A bit about Contentful
In its own words, Contentful explains that
“a headless CMS is any type of back-end content management system where the content repository ‘body’ is separated or decoupled from the presentation layer ‘head.’ Content that is housed in a headless CMS is delivered via APIs for seamless display across different devices.”
So what is the state of headless content management systems? “We call ourselves a content platform; that is developers and builders build on top of us in a variety of scenarios,” said Steve Sloan, the chief executive officer at Contentful. “In the subcategory of CMS is headless CMS, and people talk about us in that light. Our perspective is that when you say headless CMS, because you say CMS, people assume that it’s as narrow as web-only, on-prem, single-stack content management systems have been.
“You have to think about that set of marketing experiences which are external… And so, the path we’re on is to ideally help people understand what a modern content platform is and how it is different from what came before,” added Steve.
“Web content management, mobile content management and enterprise content management used to be three totally distinct categories with totally different players. Today, we serve lots and lots of people across those use cases. And so we’re trying to evolve the conversation, and the way people think about what is possible.”
Headlessness
Contentful is a headless CMS that has an API-first approach – which almost all headless content management systems now have.
“You get an API, actually multiple APIs, an infrastructure to host your content and an editor tool to manage that content,” said Marcelo Lewin, founder of Headless Creator. “The delivery channel is up to you and your developers to create. That definitely makes them a headless CMS company.”
Contentful has the advantage of being able to integrate with other content management systems, or act as the migration host of other properties, so that businesses benefit from having a single platform that powers devices and digital experiences.
Contentful provides various APIs and GraphQL as well as a self-service version. “Contentful offers what they call the Application Framework,” said Marcelo, “which allows you to create apps that integrate with other systems using their API and plugging that app directly into Contentful using their Form36 design system, which makes the app look like it’s natively part of the web admin interface.
“Their API library is pretty extensive offering APIs for delivering published content, for delivering drafts, for creating and managing content, content types, an image transformation API, a GraphQL API and a user management API.”
The challenges
Despite the strengths that Contentful possesses, it does come with some challenges – just like every content management system.

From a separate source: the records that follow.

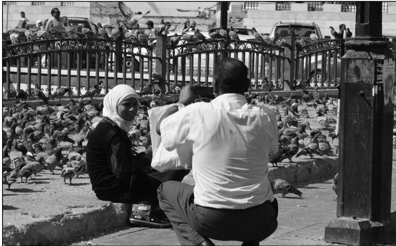
عائلة سورية تجلس في حديقة في دمشق

وكاتب مقاتلة عدة في 24/ آب (أغسطس) (شمال) واللاذقية (غرب)، ومشيرا إلى ان النظام تمكن من استعادة السيطرة على المدينة خلال عشرة أيام.
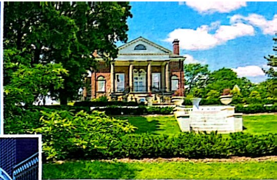
Das ehemalige Wohnhaus Robert R. McCormicks im Cantigny Park, das jährlich über 300 000 Besucher anzieht
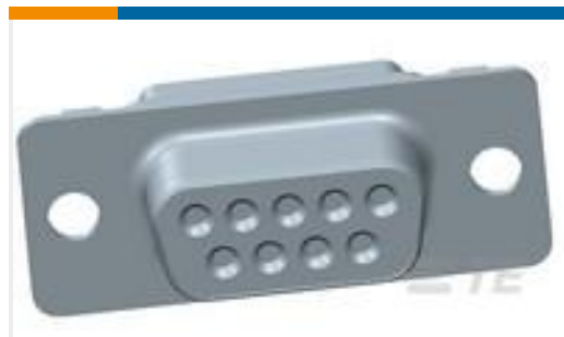
TE 产品编号 205161-5 AMPLIMITE,ASY,RCPT,109,1
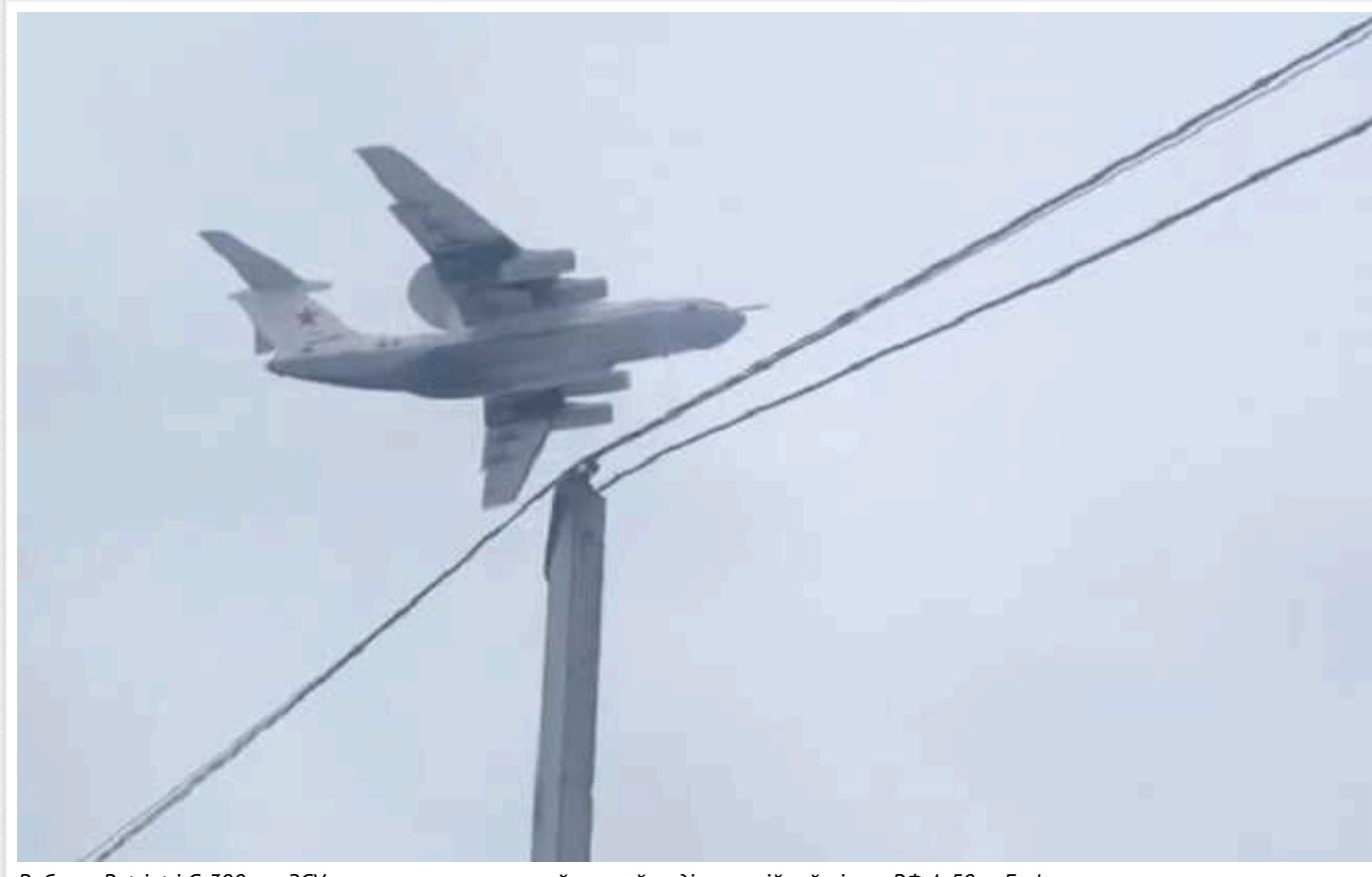
Робота Patriot і С-300: як ЗСУ заманили в пастку найкращий радіолокаційний літак РФ А-50, – Forbes

Повітряні сили України ввечері 14 січня 2024 року знищили російський літак дальнього радіолокаційного виявлення А-50 та значно пошкодили повітряний командний пункт Іл-22М над акваторією Азовського моря. Літак А-50 – один із дуже рідкісних і дуже цінних літаків раннього попередження з радіолокатором російських ВПС. Внаслідок збиття, імовірно, загинули всі 15 осіб на борту, зокрема й високопоставлені офіцери.
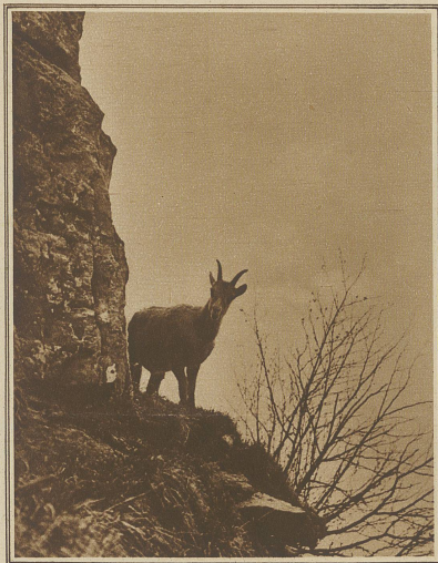
Steinbock im Gebiet der Grauen Hörner im St. Galler Oberland

Wir sind fast alle Jäger. Sonderbar! Ausgeklügelt diese Grünröcke betätigen sich an der Aussetzung von Steinwild, sie, die sich in der Jagdzeit mit Büchse und Flinte in den Bergen herumtreiben, um das flüchtige Gratier, den flinken Schnehasen oder den heimlichen Spielhahn zu erlegen. Heißt das nicht in Paradoxien machen und die vernünftige Weltordnung auf den Kopf stellen! Halt, — der weidgerechte Jäger, er dem es nie und nimmer ums Ausrot-
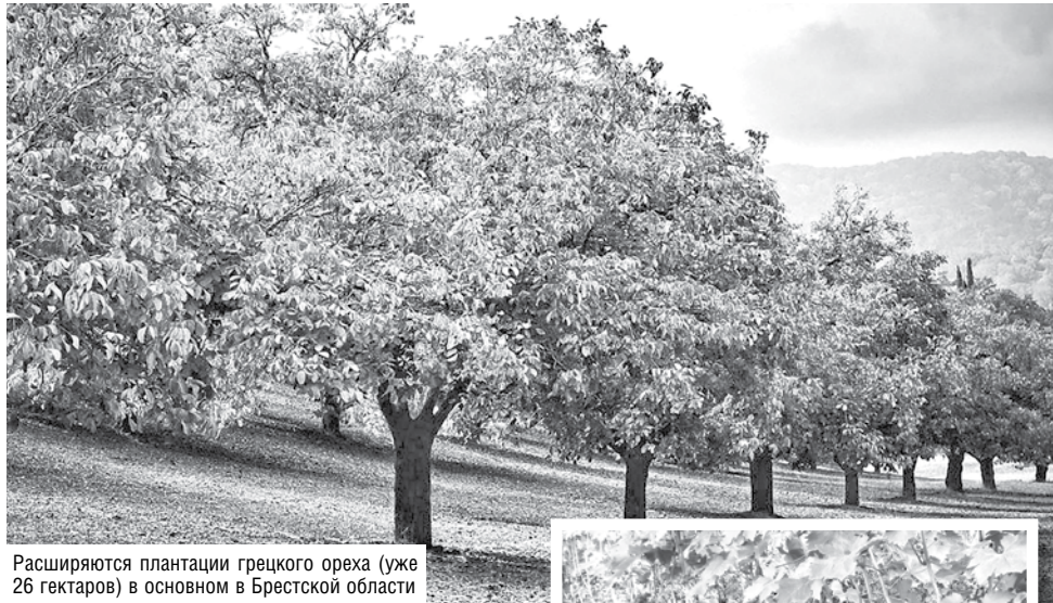
Расширяются плантации грецкого ореха (уже 26 гектаров) в основном в Брестской области
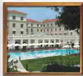
***** LARISSA IMPERIAL LARISSA
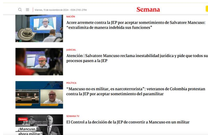
Imagen 2. (Semana, 2024)

Un ejemplo significativo al respecto es el cubrimiento mediático de las audiencias que mantuvo el exjefe paramilitar, Salvatore Mancuso, en la JEP. Estas diligencias fueron altamente cubiertas por los medios de comunicación, publicando una nota periodística de cada una de las afirmaciones que el compareciente decía en audiencia. Con entradillas sensacionalistas, los medios lograron colarse en el imaginario de sus lectores, sembrando una idea de que la impunidad y libertad de Salvatore podría estar en manos de la JEP.
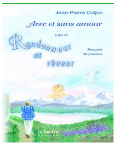
1 er double recueil de poèmes

Les lancements auront lieu aux dates suivantes :
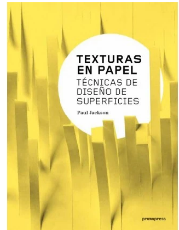
Libro de Paul Jackson "TEXTURAS DE PAPEL. TÉCNICAS DE DISEÑO Y SUPERFICIES. La portada del libro es con tiras de papel amarillo con un círculo blanco en el medio donde está el nombre y el autor del libro.

* Eric Gjerde (Reino Unido): patrones táctiles (tessellations) usados en educación sensorial.
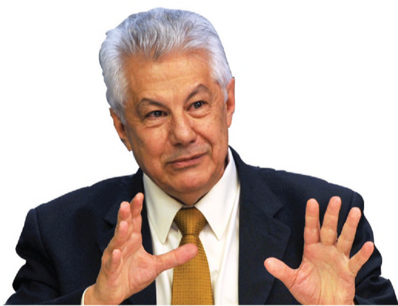
ARTICULAÇÃO - Arlindo Chinaglia e Eduardo Cunha buscam votos para a eleição da presidência da Câmara Federal

despesas com a atividade parlamentar, como telefone, passagens, consultorias, divulgação, entre outras. Hoje, essa verba varia de R$ 27 mil a R$ 41 mil, dependendo do Estado do congressista. Ele promete "mudar a metodologia de compra de passagens aéreas para otimizar a utilização desses recursos".
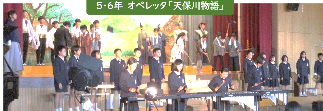
5・6年 オペレッタ「天保川物語」
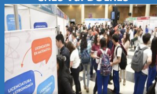
ESTUVIMOS EN LA EXPOCARRERAS
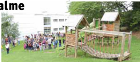
Toutes les classes se place pour la photo...

Le Comité d'école de Saint-Aubin-Sauges a inauguré peu de temps avant les vacances scolaires la nouvelle place de jeux et l'espace calme du collège des coccinelles de Saint-Aubin. Après une petite allocution d'Olivier Boschung, président du CEC de St-Aubin-Sauges, la parole a été donnée aux enfants qui ont terminé par un grand M E R C I tous ensemble! Le collège avait en juin 206 élèves répartis dans 10 classes Harmos de 1 à 8.
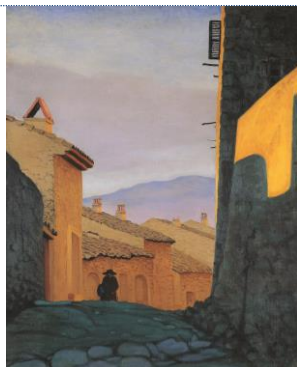
Felix VALLOTTON (1865-1925) Une rue à Cagnes, 1922 Huile sur toile, 81 x 65

Collection Christoph Blocher
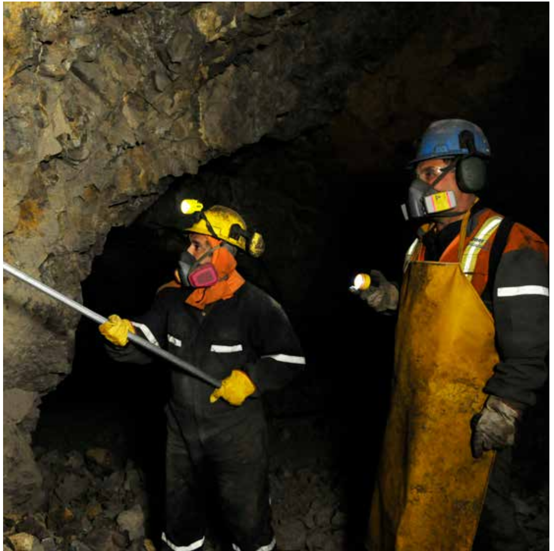
El abastecimiento de minerales a los poderes de compra de Enami se ha mantenido con normalidad durante este periodo.

El procesamiento de minerales de oro es otra de las inquietudes del sector y se promoverá la realización de un proyecto con apoyo de una Universidad, para diseñar una planta de pequeña escala que permita trabajar a esos pirquineros que por distancia, volumen y características del mineral no puede acceder a los poderes de compra de Enami y que también sirva de alternativa a la amalgamación. /BM
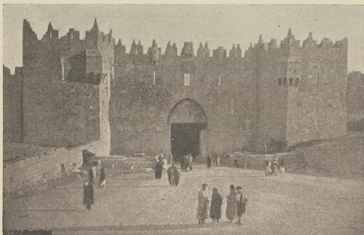
ירושלים אלס וועלט-שטאט : דער שער דמסק.

ירושלים די שטאט, וואס ווערד בעראכט אלס הייליג פון אלע פעלקער, האט זיך קריסטען און
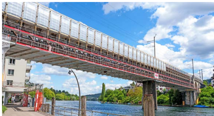
Die Eisenbahnbrücke zwischen Feuerthalen und Schaffhausen wird in den kommenden Monaten saniert.

Die Wahlvorschläge für den ersten Wahlgang am Sonntag, 27. September, sind bis spätestens 3. August bei der Gemeindekanzlei einzureichen. Massgebend ist das Eintreffen bei der Gemeinde und nicht das Datum des Poststempels. Bei Gesamterneuerungswahlen können sich auch zusätzliche Kandidatinnen und Kandidaten zur Wahl stellen. Das Formular «Wahlvorschlag» ist online oder kann bei der Gemeinde bezogen werden. (r.)
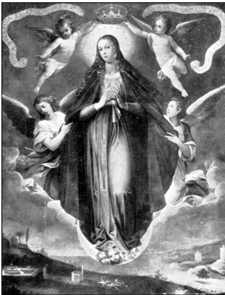
Х. де ляс Роелас. Коронація Марії

огляду на Її виняткову досконалість. Оточуй шаною Кивот твого Бога. Поважай і ціную Мій Трон так, як Я його ціную. Не питай: “Чому Найвищий наділив Її таким почесним тронм у Своєму Небесному Спадку?” Глянь! Я не тільки поставив Її Царицею Моїх Ангелів і Моїх створінь, але й призначив бути Мені Тронм.
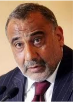
عادل عبد المهدي

لا يمكن انكار ازمت البلاد. والصعوبات الجمة للمواطنين لنقص الخدمات والفساد والروتين. وما ادخلنا انفسنا فيه من مأزق سياسي يهدد امن البلاد وكامل النظام السياسي. والاضلاع الامنية و«داعش». والعمليات الاجرامية وتقطيع اوصال البلاد. والشحة المالية وتراجع اسعار النفط وتوقف الكثير من المشاريع والاعمال والفقر والبطالة. فهذه امور سلبية لا يكفي الكلام عنها او تبريرها. بل يجب معالجتها. واول خطوة للقيام بذلك هي تقييم مجمل الاوضاع وليس الصعبة تقود لخارج صحيحة. وهناك تياران يختلفان في الرؤية
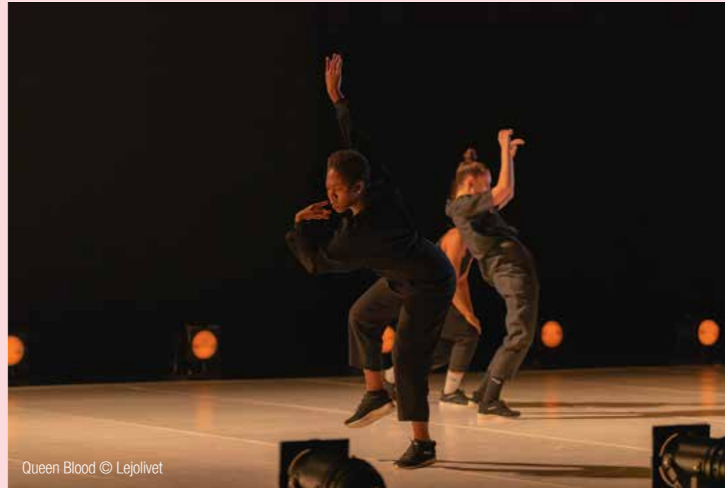
Queen Blood

À 20h30, Capellia Musique classique www.capellia.fr
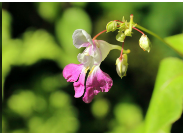
ハナツリフネソウ
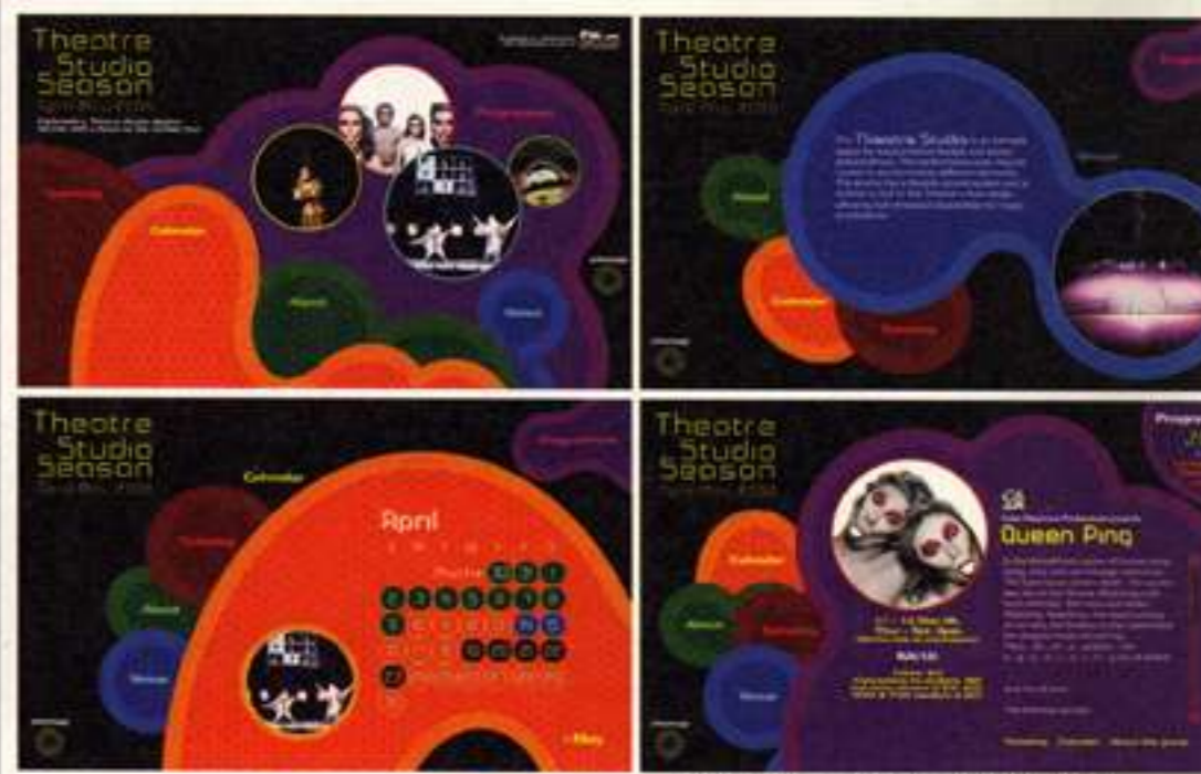
▲ Explorade "Theatre Studio Season" Website
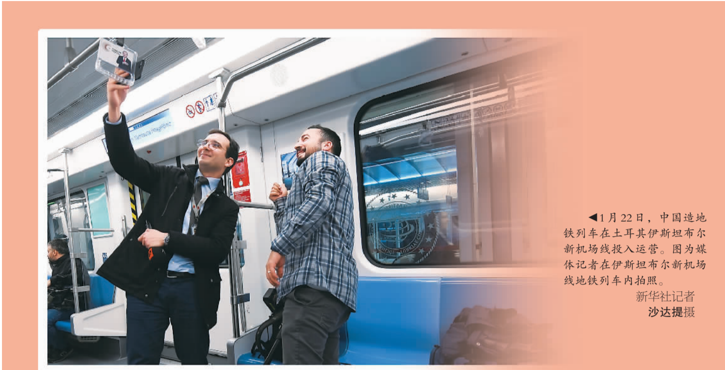
1月22日，中国造地铁列车在土耳其伊斯坦布尔新机场线投入运营。图为媒体记者在伊斯坦布尔新机场线地铁列车内拍照。

伟大出自平凡，平凡造就伟大。2023年，《中国故事》版将大量笔墨留给平凡岗位上的普通人，记录他们初心不改的执着、无怨无悔的坚守、脚踏实地的奋斗，展示他们
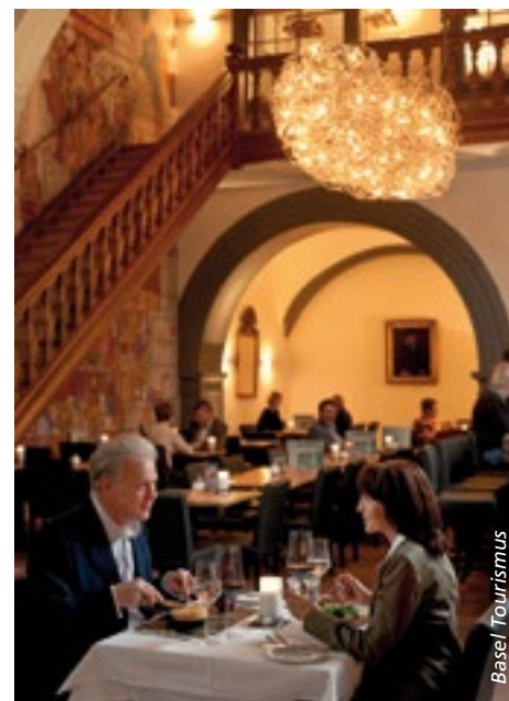
Die bediente Gastronomie ist unter Druck. Das zeigt sich auch bei der Entwicklung der Betriebszahlen.

Der Marktanteil von grossen Gruppen, Ketten und Systemen wird dennoch weiter zunehmen. Einzelbetriebe und Kleingruppen werden in der Kommunikations- und Freizeitgastronomie sowie in Nischen der Verpflegungsgastronomie ihren Platz behalten, letztlich aber stets von den Eigenleistungen der Inhaber abhängen.
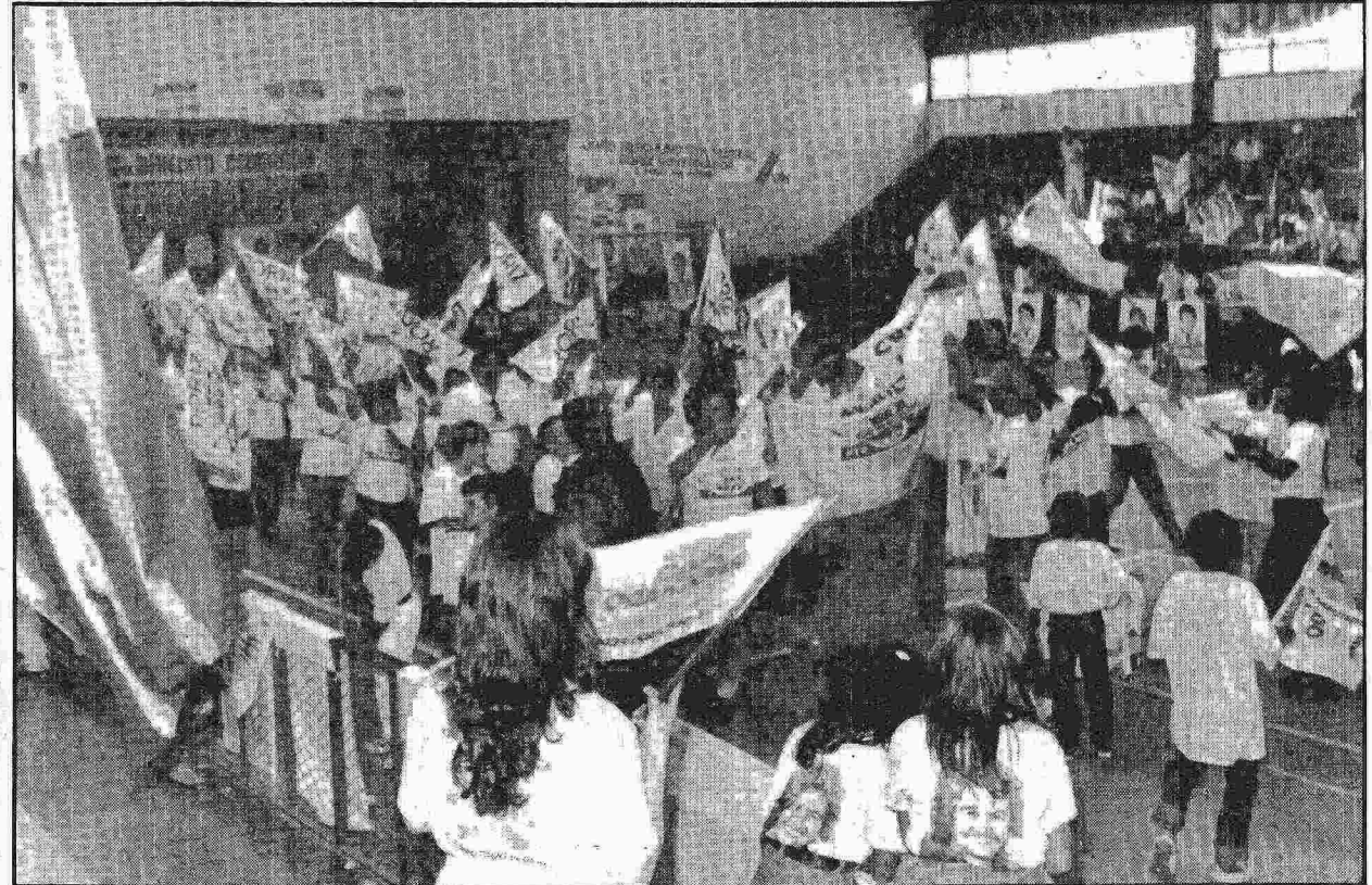
A convenção do PTR, em Taguatinga, começou bem animada de manhã e durou todo o dia
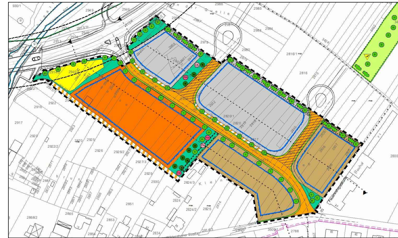
Schnittführung im Bebauungsplan "Quelle" (unmaßstäblich)
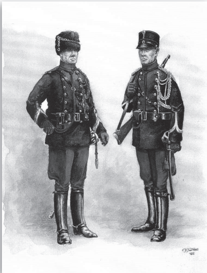
Marechaussees vóór 1940, Ansichtkaart Marechausseemuseum

Bussum was een van de gemeenten die voor legering van een brigade marechaussee werden aangewezen. De nieuwe brigade zou echter pas worden uitgezet wanneer zij over eigen huisvesting, dus een kazerne, zou kunnen
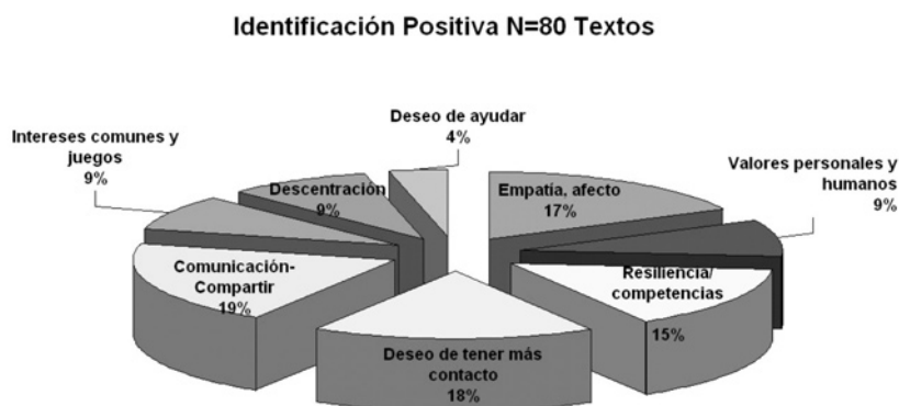
Gráfica No. 2. Identificación positiva de los niños y niñas participantes en el proyecto de Red Escolar

La capacidad de identificarse con el otro se dio en el 40% de los casos. Otro tanto mostró identificación negativa. La gráfica No. 2 muestra la distribución de la variedad de formas para buscar semejanzas, coincidencias, desde la identificación afectiva-empática que en algunos casos motiva el deseo de ayuda o el deseo de contacto, hasta la reflexión y evaluación existencial. He aquí algunos ejemplos:

Among these is the lag in content governance that many have noticed. “I think the number 1 concern for me with regards to Contentful,” according to Marcelo, “and most other headless CMSs, is the authoring experience. When you create a content model, you try to keep it abstract so that it scales for the future.
“The problem is that forms that authors use to enter content are built around these content models and sometimes they can be too abstract and confusing for authors. They need to separate the content model from the creation of the form used to enter content by the authors.”
And much like all headless content management systems, in the act of chopping off the head and separating it from the body, it overlooks some of the features that are often found in legacy content management systems. And we’ve begun to see Contentful expand some features such as tagging and their new Compose app.